Question

# A 10cm×10cm×10cm wood block with a density of 730 kg/m3 floats in water. What is the...

A 10cm×10cm×10cm wood block with a density of 730 kg/m3 floats in water.

What is the distance from the top of the block to the water if the water is fresh?

If it's seawater? Suppose that ρ=1030kg/m3.

#### Homework Answers

Answer #1

Density of fresh water, = 1000 kg/m^3

Density of sea water, = 1030 kg/m^3 (Given)
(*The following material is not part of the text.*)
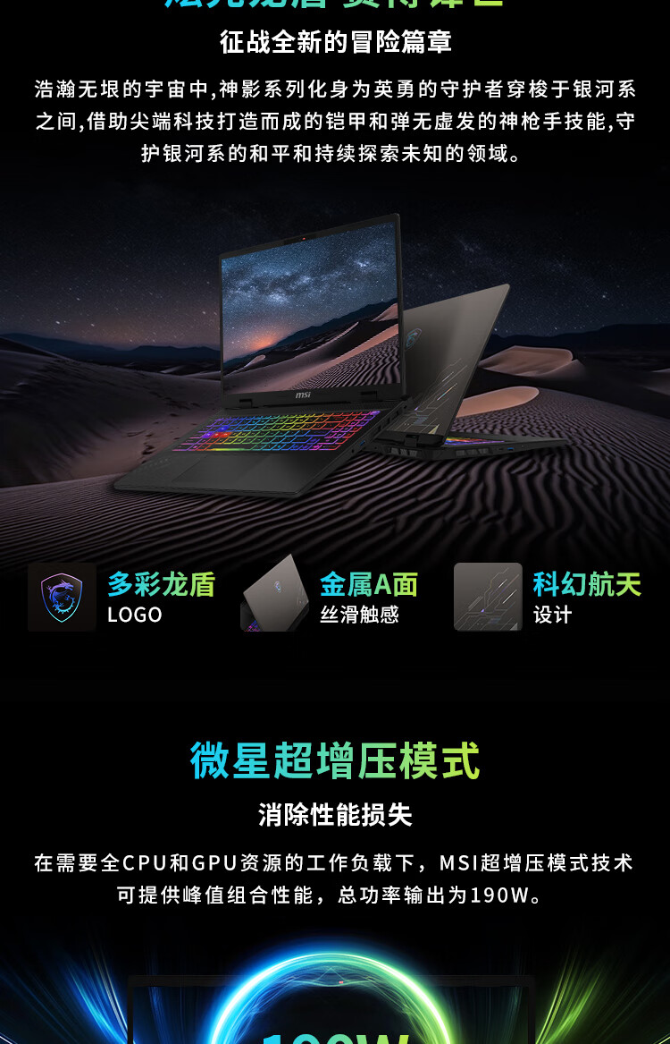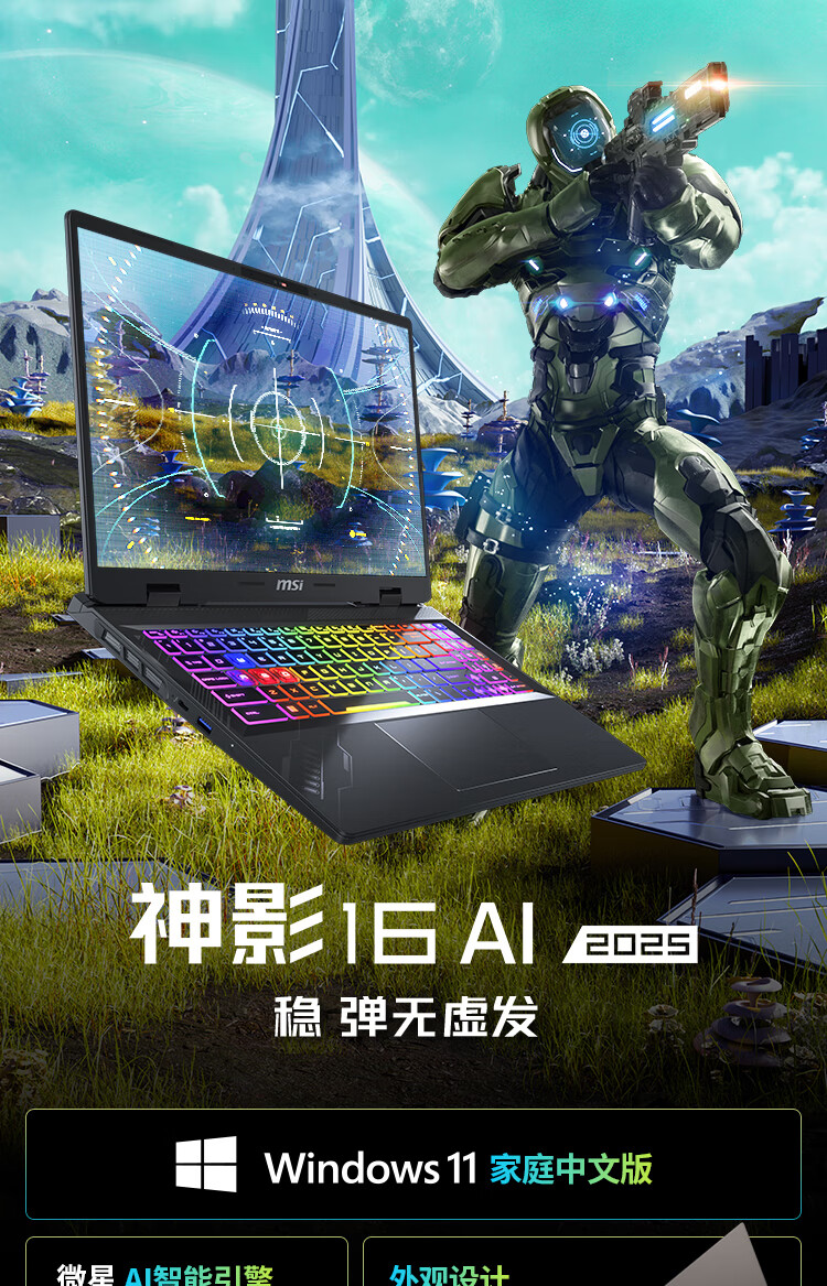 微星(MSI)神影16 AI 2025 国家补贴20% 16英寸游戏笔记本电脑(酷睿Ultra 9-275HX RTX5070 1TB 2.5K/240Hz)
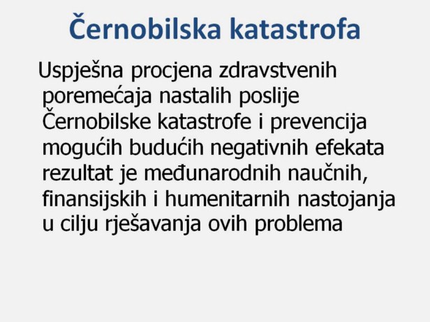 Černobilska katastrofa Černobilska katastrofa bila je predmet brojnih studija: Ukrajinsko-američka studija obolijevanja od leukemije i povezanih bolesti kod radnika na dekontaminaciji, Francusko-njemačka studija incidence leukemije kod djece i odraslih iz različitih oblasti Ukrajine, Međunarodni konzorcij za istraživanja uticaja radijacije na zdravlje- studija slučaja leukemije kod djece Ukrajine, Bjelorusije i Rusije; Ukrajinsko-bjelorusko-američka studija karcinoma tiroidne žlijezde kod djece; Ukrajinsko-američka studija vidne sposobnosti; Preliminiarna studija karcinoma dojke kod stanovnika kontaminiranih područja Bjelorusije, Rusije i Ukrajine.

Volume of the wooden block, V = 10 cm x 10 cm x 10 cm = 1000 cm^3 = 1000 x 10^-6 m^3 = 10^-3 m^3

So, mass of wooden block, m = V*730 kg = 10^-3 * 730 kg = 0.730 kg

(a) When the wooden block floats in fresh water -

Suppose h meter is the distance of the top from water.

So, volume of displaced water = 0.10 x 0.10 x h m^3

Apply Arhimedes principle -

0.10 x 0.10 x (0.10 - h) x 1000 = 0.730

=> 0.10 - h = 0.730 / (0.10 x 0.10 x 1000) = 0.073

=> h = 0.10 - 0.073 = 0.027 m = 2.7 cm

(b) When the block floats in sea water -

We have -

0.10 x 0.10 x (0.10 - h') x 1030 = 0.730

=> 0.10 - h' = 0.730 / (0.10 x 0.10 x 1030) = 0.0709

=> h' = 0.10 - 0.0709 = 0.0291 m = 2.91 cm (Answer)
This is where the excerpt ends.